:: Provided data

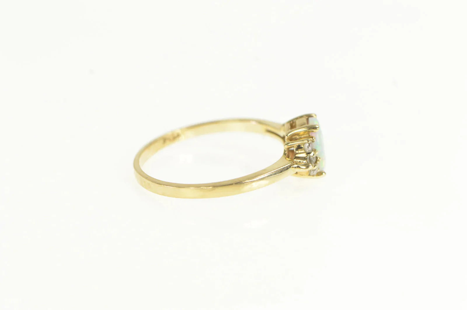 ·Item: 10K Oval Syn. Opal Diamond Cluster Accent Ring Size 7 Yellow Gold
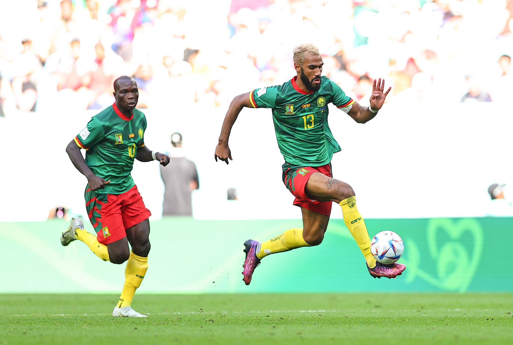 11月28日,喀麦隆队球员舒波-莫廷(右)与队友阿布巴卡尔在比赛中。新华社记者丁旭摄
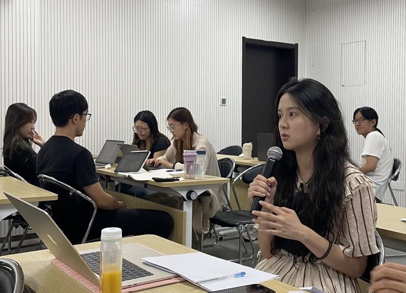 在谈判模拟结束后,同学们学习了“重释”(reframe)这一关键的谈判技巧,并围绕全球气候变化这一议题进行了分组练习,将所学知识应用于更广阔的全球议题。通过小组讨论,在倾听对方陈述的基础上,同学们尝试转换视角以积极的方式对其进行重新表述,将“分歧点”转化为“合作点”,以揭示对方潜在的兴趣、价值观或身份。这一练习让大家深刻体会到改变问题的定义方式,学会从“我要什么”到“我们共同需要什么”,对于冲突的解决和矛盾的化解至关重要。
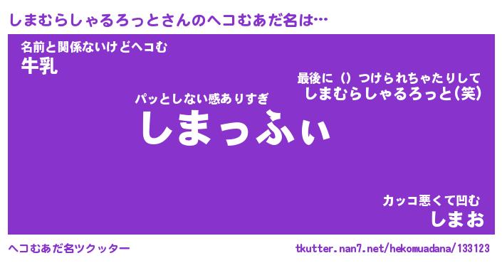 | 恥ずかしいあだ名 | 『プリティーしまむらしゃるろっと』 |
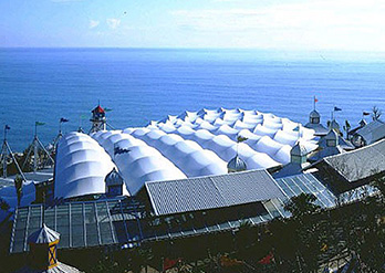 膜结构房顶棚是以建筑膜材料为主体,利用这种膜结构的张拉作用,与支承构件形成的一个统一的结构整体屋面,这样的整体就叫做膜结构屋面,通俗的角度来讲,也可以叫做膜结构房顶棚

::::

### About this exercise
Leave out the pictures and repeat everything else in the records exactly.

### Result
 ·Item: 10K Oval Syn. Opal Diamond Cluster Accent Ring Size 7 Yellow Gold
 11月28日,喀麦隆队球员舒波-莫廷(右)与队友阿布巴卡尔在比赛中。新华社记者丁旭摄
 在谈判模拟结束后,同学们学习了“重释”(reframe)这一关键的谈判技巧,并围绕全球气候变化这一议题进行了分组练习,将所学知识应用于更广阔的全球议题。通过小组讨论,在倾听对方陈述的基础上,同学们尝试转换视角以积极的方式对其进行重新表述,将“分歧点”转化为“合作点”,以揭示对方潜在的兴趣、价值观或身份。这一练习让大家深刻体会到改变问题的定义方式,学会从“我要什么”到“我们共同需要什么”,对于冲突的解决和矛盾的化解至关重要。
 | 恥ずかしいあだ名 | 『プリティーしまむらしゃるろっと』 |
 膜结构房顶棚是以建筑膜材料为主体,利用这种膜结构的张拉作用,与支承构件形成的一个统一的结构整体屋面,这样的整体就叫做膜结构屋面,通俗的角度来讲,也可以叫做膜结构房顶棚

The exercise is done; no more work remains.